Reproduce word for word the lines between the one containing "Азиатско-Тихоокеанский банк по" and the end of the entries below, both inclusive; leave out pictures.

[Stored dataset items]

·····

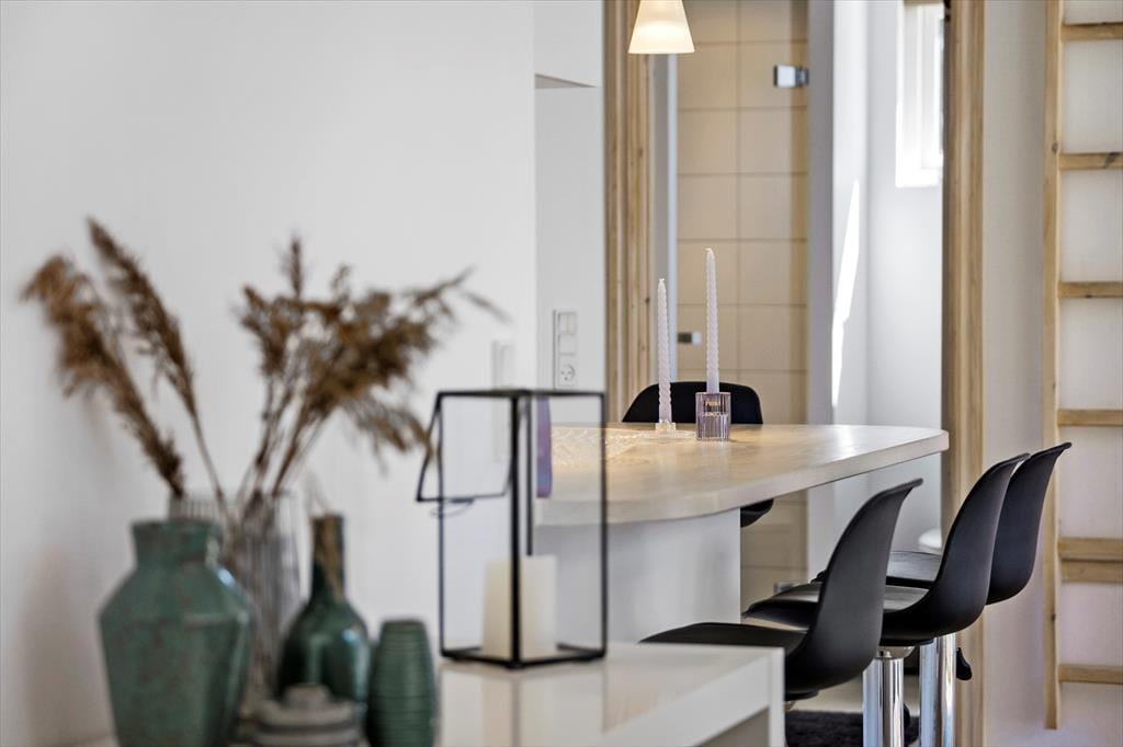 Das 112 m² große, modern eingerichtete Ferienhaus ist eine wunderbare Basis für Familien mit Kindern und alle, die sich entspannen und ihren Urlaub in Ruhe und Frieden genießen möchten. Da es vier Schlafzimmer und zwei Badezimmer gibt, können Sie sogar problemlos die Großeltern oder gute Freunde mit in den Urlaub einladen – dann gibt es vielleicht auch etwas Unterstützung, um die Kinder zu beschäftigen, falls Sie Lust auf eine ruhige Wellnesszeit mit Sauna und Whirlpool haben. Alle können sich am großen Esstisch versammeln, um leckere Mahlzeiten zuzubereiten, die Sie in der gut ausgestatteten Küche kochen können. Dort gibt es übrigens auch eine Theke mit Barhockern, sodass es während des Kochens ein Treffpunkt für diejenigen werden kann, die sich bei einem kühlen Getränk unterhalten möchten. Die Sofaecke im Wohnzimmer ist eine große, gemütliche Leseecke mit Kaminofen und Flachbildfernseher, und die jüngsten Gäste werden wahrscheinlich schnell die Hems lieben, die als ihr kleines privates Aussichtspost fungieren kann.
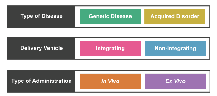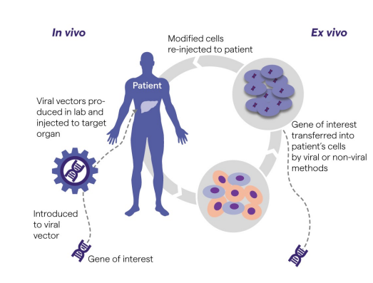 Ex vivo: Gene of interest transferred into patient’s cells. Ex vivo means "out of the living" in Latin.
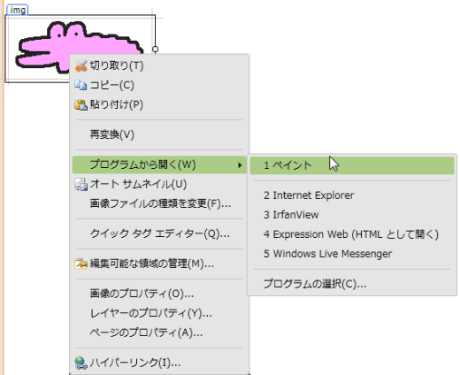- Expression Webに切り替えると、ペイントで編集した内容が画像に反映されます。
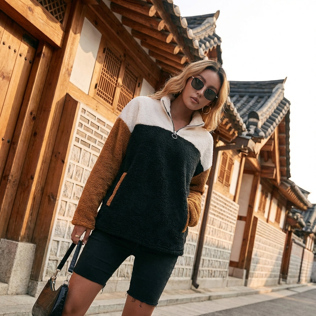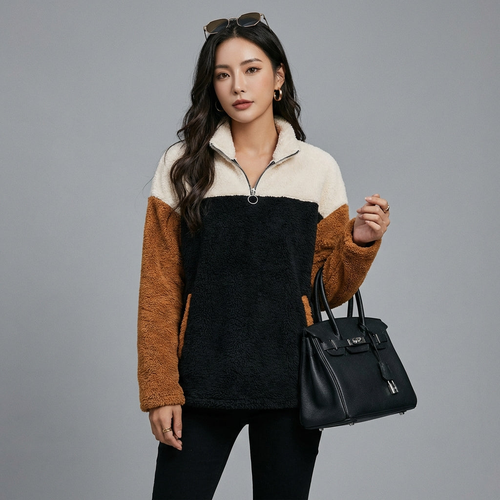 Adoptez un look décontracté et tendance avec notre hoodie en peluche bicolore. Ce haut douillet combine confort et style avec ses blocs de couleur contrastés et sa poche plaquée pratique. Parfait pour rester au chaud avec une touche mode ! 🌟
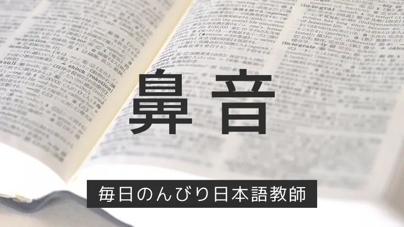 日本語標準語で現れる鼻音は [m][n][ɲ][ŋ][ɴ] です。鼻音は口腔内で閉鎖を作り、代わりに口蓋帆(軟口蓋後部と口蓋垂)の先端である口蓋垂を下げて呼気を鼻腔に通すことで発音します。口蓋帆は筋肉で、骨がないので自由に動かすことができます。ちなみに、何か飲んでいるときに突然笑ったり驚いたりして飲み物が鼻から出てくるのは、口蓋帆が下がって鼻腔への通路が開いたことが原因です。
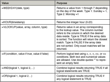 其他有用的操作,包括冷凝成每小时(或每天)值的数据,到周末或空置期间的分离,并确定是否是开启或关闭电机。 Excel提供了以下功能,从时间戳中提取的信息
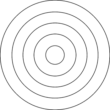 Центр мишени обозначается треугольным флагом высотой 80 см. Достоинство зон мишени: центр – 5 очков и далее 4, 3, 2, 1 очко (рис. 13).
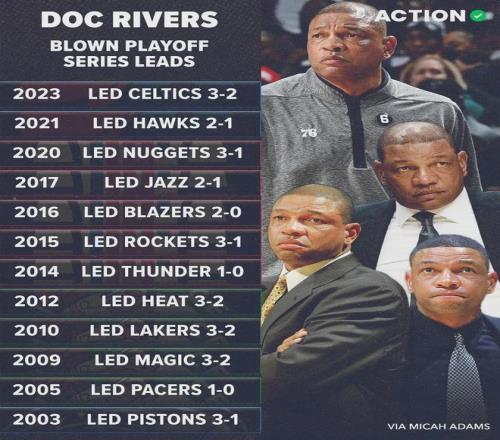 里弗斯执教生涯3-1领先被逆转3次,3-2领先被逆转7次,10次输掉抢七大战!对于里弗斯,大家还有哪些记忆?
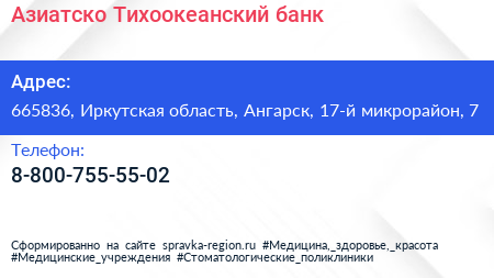 Азиатско-Тихоокеанский банк по адресу 665836, Иркутская область, Ангарск, 17-й микрорайон, 7 в дальнейшем Организация, размещена в следующих категориях:
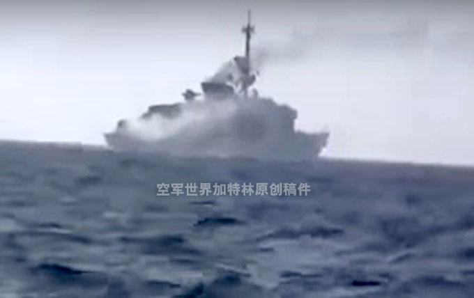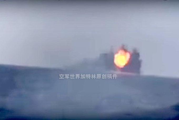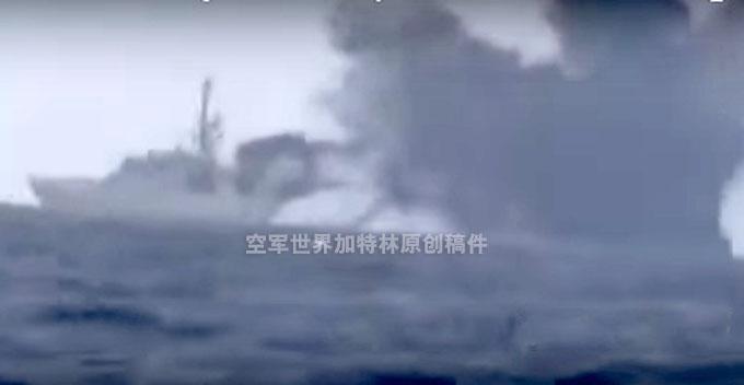 在网上出现的视频中,该护卫舰尾部被一枚反舰导弹直接命中,发生巨大爆炸,火光浓烟冲天而起。
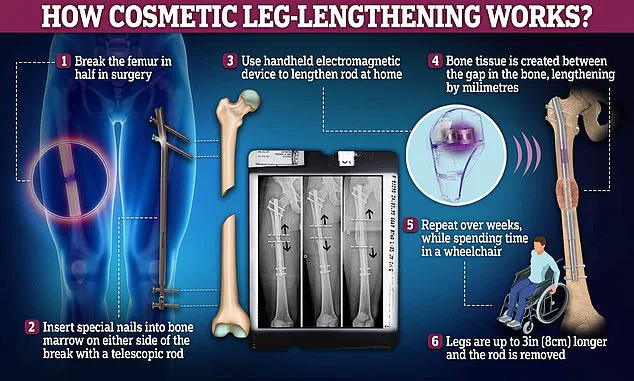 The treatment, which involves cutting the femur and using metal rods to realign the bone, has sparked debate about body image, medical ethics, and the lengths individuals will go to alter their physical appearance.
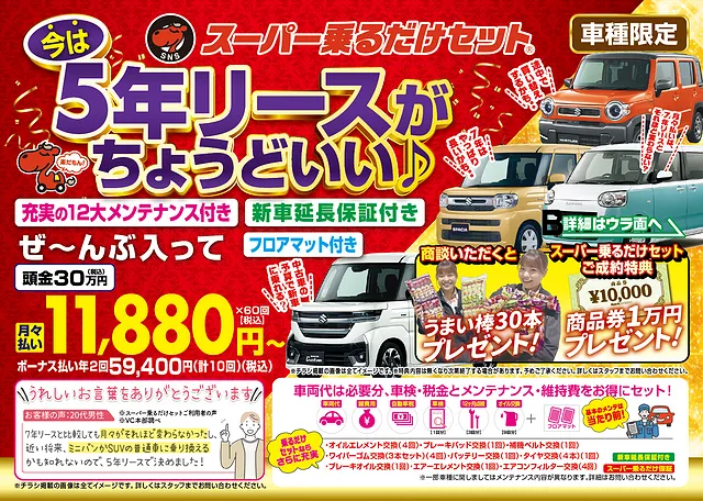新車が車検・税金・メンテナンス込み、5年間月々定額で乗れる「スーパー乗るだけセット」が、
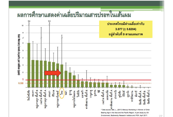 น.ส.อัฏฐพร กล่าวอีกว่า จากจำนวนกลุ่มตัวอย่างของไทย 74% มีอัตราสารปรอทในเส้นผมในระดับเกิน 1 ppm ซึ่งเป็นระดับที่ส่งผลกระทบด้านระบบประสาทและผลกระทบต่อไตและหัวใจ
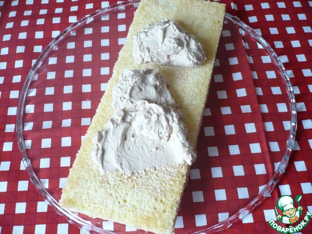 Начнем с прикрепления основания (коржа 10 х 25) к блюду: небольшим количеством крема смазать блюдо и уложить первый корж. Промазать его кремом.
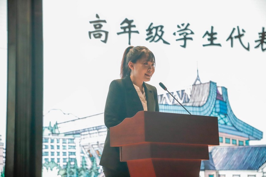高年级学生代表、金融学201801班的陈秋悦发言。陈秋悦自入学以来学习成绩和综合测评成绩一直名列专业前三,长期担任学校、学院的主要学生干部,现任ylzzcom永利总站线路检测学生会主席,曾获多项校、院级荣誉和奖励。她期望2020级的同学们能够拥抱学院,感受集体;择善而从,坚持不懈;勇于担当,乐于奉献。在四年的大学时光中,能够不忘初心、不畏险阻、不负时代,用汗水去浇灌梦想,用奋斗书写青春华章。

·····

REPLY TO THE EXERCISE:
 Азиатско-Тихоокеанский банк по адресу 665836, Иркутская область, Ангарск, 17-й микрорайон, 7 в дальнейшем Организация, размещена в следующих категориях:
 在网上出现的视频中,该护卫舰尾部被一枚反舰导弹直接命中,发生巨大爆炸,火光浓烟冲天而起。
 The treatment, which involves cutting the femur and using metal rods to realign the bone, has sparked debate about body image, medical ethics, and the lengths individuals will go to alter their physical appearance.
新車が車検・税金・メンテナンス込み、5年間月々定額で乗れる「スーパー乗るだけセット」が、
 น.ส.อัฏฐพร กล่าวอีกว่า จากจำนวนกลุ่มตัวอย่างของไทย 74% มีอัตราสารปรอทในเส้นผมในระดับเกิน 1 ppm ซึ่งเป็นระดับที่ส่งผลกระทบด้านระบบประสาทและผลกระทบต่อไตและหัวใจ
 Начнем с прикрепления основания (коржа 10 х 25) к блюду: небольшим количеством крема смазать блюдо и уложить первый корж. Промазать его кремом.
高年级学生代表、金融学201801班的陈秋悦发言。陈秋悦自入学以来学习成绩和综合测评成绩一直名列专业前三,长期担任学校、学院的主要学生干部,现任ylzzcom永利总站线路检测学生会主席,曾获多项校、院级荣誉和奖励。她期望2020级的同学们能够拥抱学院,感受集体;择善而从,坚持不懈;勇于担当,乐于奉献。在四年的大学时光中,能够不忘初心、不畏险阻、不负时代,用汗水去浇灌梦想,用奋斗书写青春华章。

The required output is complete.